From the literature research, findings between studies sometimes appeared contradictory. For example, there was no clear consensus on CG burden among those caring for older CRs in variables such as mortality, depression, and mental stress.2,8,9 The Level of Burden score used in this study’s correlation test was a consolidated score meaning the study makers asked multiple questions regarding hours of care and number of daily activities performed in the survey, assigned values to those answers, and then consolidated a respondent’s answers into the Level of Burden scale.7 More interesting results could come from performing correlation tests between the specific variables asked (regarding financial, emotional and physical stress) and an E-E CGs age.

Conclusion

The field of caregiving is a difficult one to study, largely because much of the research is opinion-based and completed through surveys. Although imperfect, the current literature does underscore the clinical need and real-world application for this type of research given that some people living with a chronic illness receive the majority of their care from lay caregivers at home.1

As CGs as a group get older, it is imperative that health care professionals ensure the needs of these CGs are being sufficiently addressed. The lack of thorough investigation on the E-E caregiving population may be concealing the needs of this specific population. Follow-up studies should explore caregiving subset populations such as generation spanning E-E caregiving, particularly when the CG is the older participant, or non-relative, non-spousal E-E caregiving, because such relationships likely have interpersonal dynamics and complexities that are not being addressed elsewhere.

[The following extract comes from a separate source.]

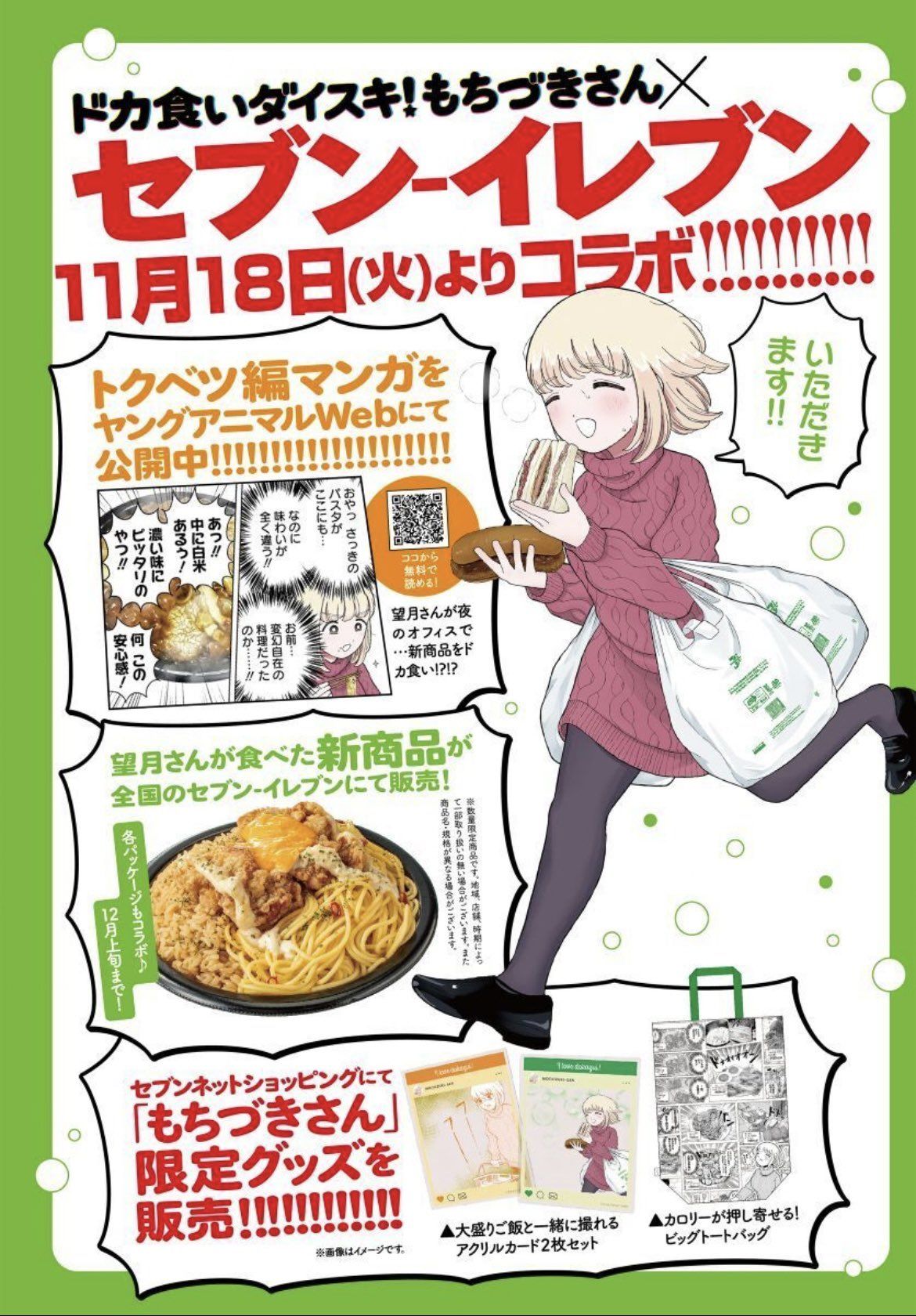 セブンイレブン『ドカ食いダイスキ!もちづきさん』コラボが2025年11月18日(火)より開催します!オリジナル商品が順次販売!

Similarly, additional research should investigate how best to shorten the average length of time that E-E CGs undergo such responsibilities. Likewise, with no clear consensus in the field of caregiving on the positive and negative impacts of caregiving on CGs, particularly E-E CGs, new studies need to explore potential benefits and burdens. Such research could help society prioritize education and inform action plans to assist caregivers, ensuring that (a) they have a high quality of life near the end of life, and (b) that their informal, unpaid workload does not shift to institutional health care settings.


Acknowledgements

Thank you to Elizabeth Kuchinski, MPH, and Brian Piper, PhD, at Geisinger Commonwealth School of Medicine for their support on this research.

Disclosure Statement

The author declares that they have no competing interests.

Publisher’s Notes

This article was reformatted after publication as part of The Guthrie Journal’s move to a new platform so that all of our articles would have a consistent look. The article was published November 18, 2021, and reformatted in March 2022. In addition to small formatting changes, tables and figures were moved to appear near their mention in the text.

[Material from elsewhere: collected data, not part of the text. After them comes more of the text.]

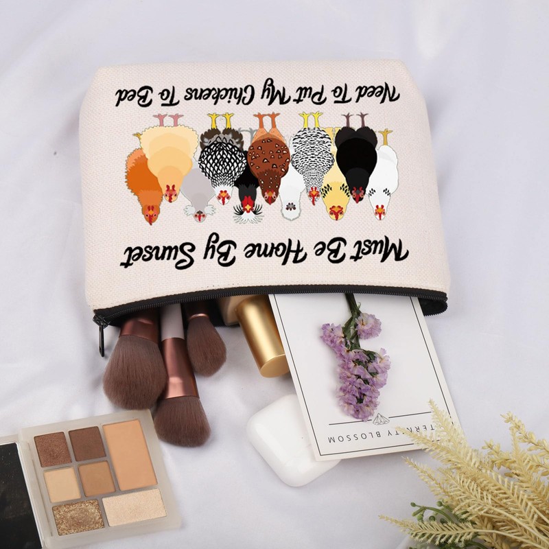 Funny Chicken Gift Must Be Home by Sunset Need to Put My Chickens to Bed Cosmetic Bag Farming Gift (Chickens to Bed CA Bag)
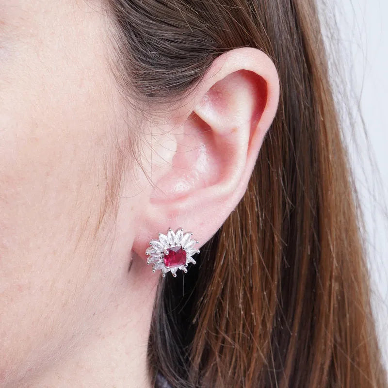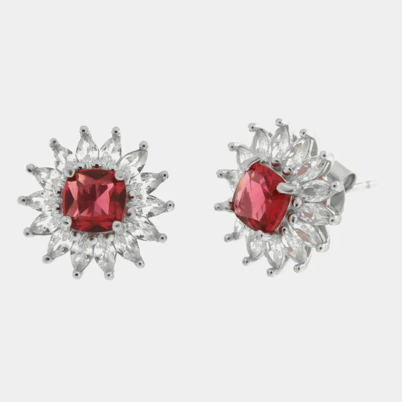 Orecchini in Argento 925 fiore con punto luce rosso
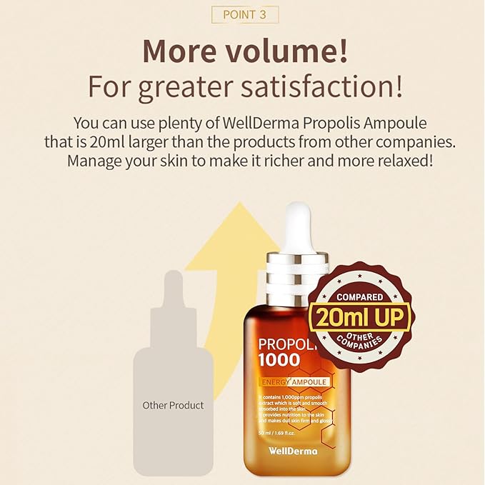 - ✔️ WITH CONSISTENT USE, WELLDERMA Propolis 1000 Energy Ampoule can help improve the overall health and appearance of your skin, leaving you with a more youthful, glowing complexion. ✔️ ADVANCED FORMULA and SUPERIOR RESULTS, WELLDERMA Propolis 1000 Energy Ampoule is a must-have addition to any skincare routine. Try it today and discover the difference for yourself!

A preliminary version of this article appeared in Scholarly Research in Progress (SCRIP), which is “aimed at promoting and disseminating student scholarly activity at Geisinger Commonwealth School of Medicine.” See VanDeMark, SooYoung H. Investigating trends in elder-elder caregiving in the United States. Scholarly Research in Progress. 2020;4:85-89. This version underwent full peer review by The Guthrie Journal prior to acceptance. Published with permission.